NEW YORK AQuantive said it would look to play a leading role in the online lead-generation industry, which provides prospects’ contact information to marketers.

The Seattle-based Internet company, which owns Avenue A/Razorfish, said it bought Franchise Gator, a 10-person Atlanta lead-generation company for the franchise business. AQuantive said it paid $21.5 million in cash for the business, which expects to generate $7.5-$8 million in revenue this year.

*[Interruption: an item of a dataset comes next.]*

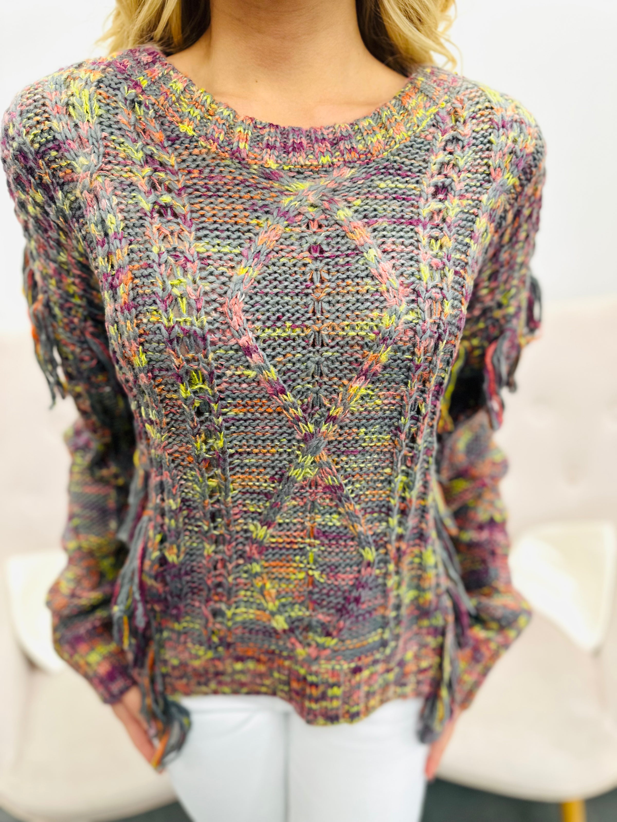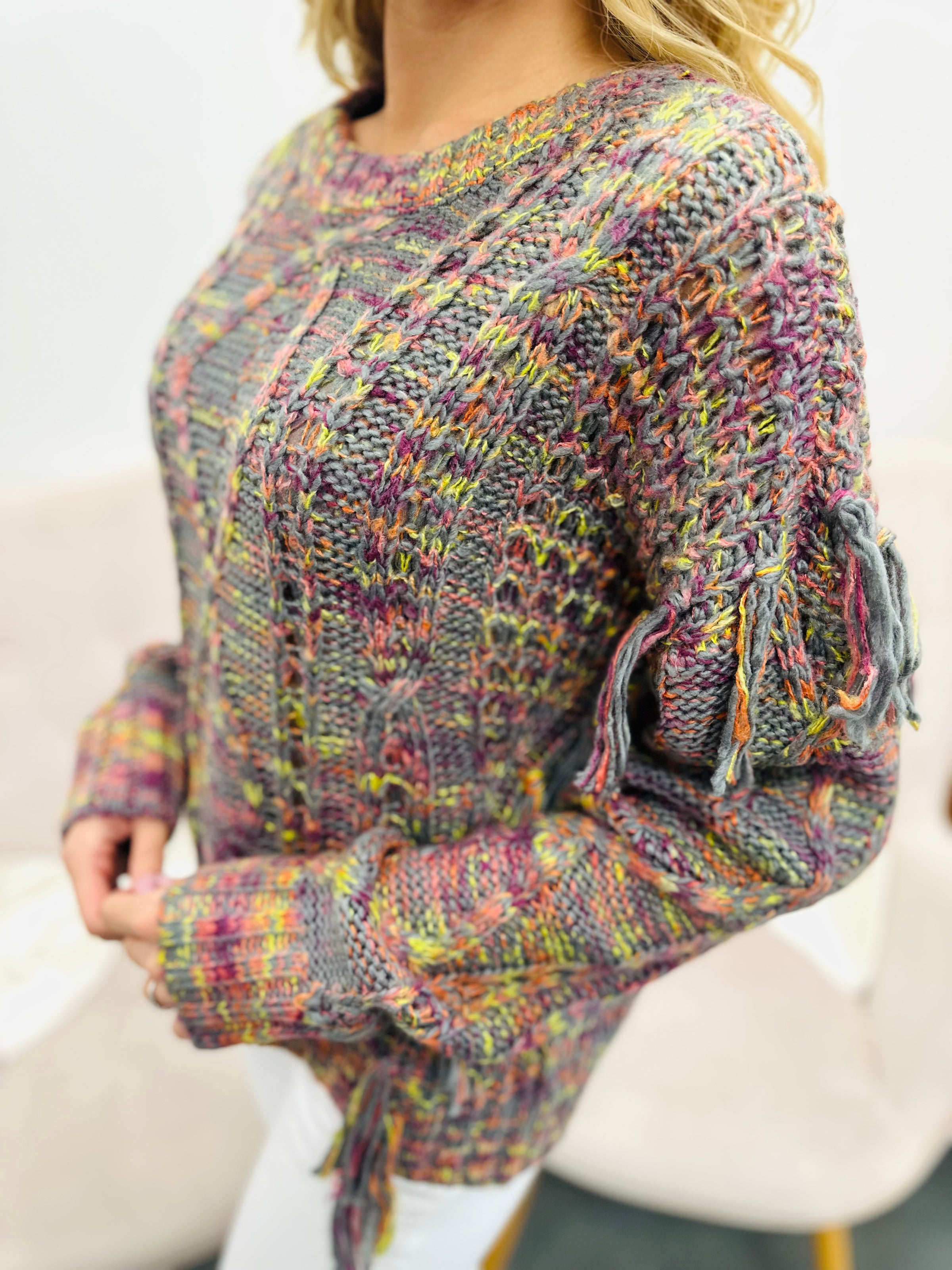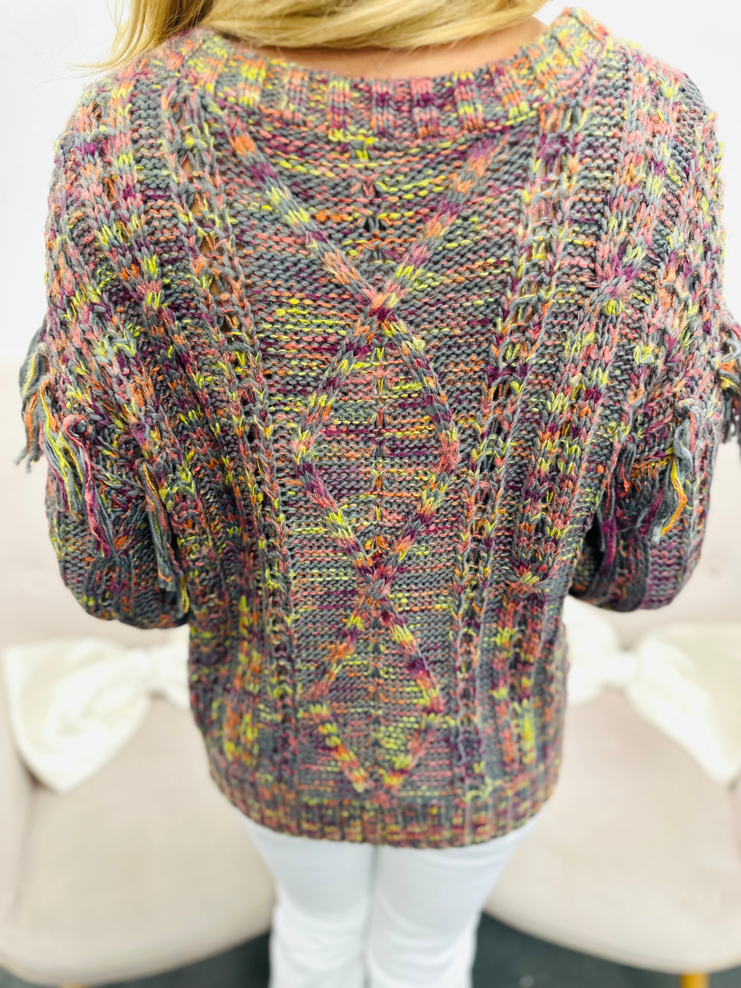 This western multi color fringe sweater is expertly crafted using high-quality materials and features a vibrant and eye-catching design. With its unique fringe detailing, this sweater adds a touch of western flair to any outfit. Stay warm and stylish this season with this must-have addition to your wardrobe.

Franchise Gator uses its Web site,, to attract prospects interested in owning franchises. The site carries information on the franchise business and different opportunities in the business. It is paid by franchises each time a visitor fills out a contact form expressing interest in owning a franchise. A majority of its traffic comes from search engines, where the Franchise Gator site shows up prominently on many franchise-related searches.

“Search is incredibly powerful tool of finding pathways to go down,” said Mike Galgon, aQuantive’s chief strategy officer. “What’s missing in the search ecosystem is something to organize the second step in the [conversion] process.”

He said aQuantive planned to use Franchise Gator as a platform to enter other sectors of the lead-generation business, such as financial services.

Franchise Gator will operate as a separate entity in aQuantive’s performance-marketing unit, which includes DrivePM. DrivePM provides cost-per-acquisition marketing programs, using behavioral and other data to target ads to likely customers. Unlike those campaigns, where an online transaction takes place at a marketer’s Web venue, lead-generation sites handle the entire process, with marketers paying only for leads that are converted offline.

Galgon said aQuantive saw a need for a trusted player with scale in the online lead-generation business, which generated $750 million in 2005, according to the Interactive Advertising Bureau. Many players in the space are small outfits, while the collection of leads online produced some questionable tactics with the use of spam. The key, according to Galgon, is aQuantive will strive to provide value to the user and the marketer, rather than using incentives to collect leads like many companies, which end up producing unqualified contacts more interested in a free product than the service.

“That’s not a long-term way to do business,” he said. “In the long term, a marketer will get the most value out of leads from someone who is actively looking for their product.”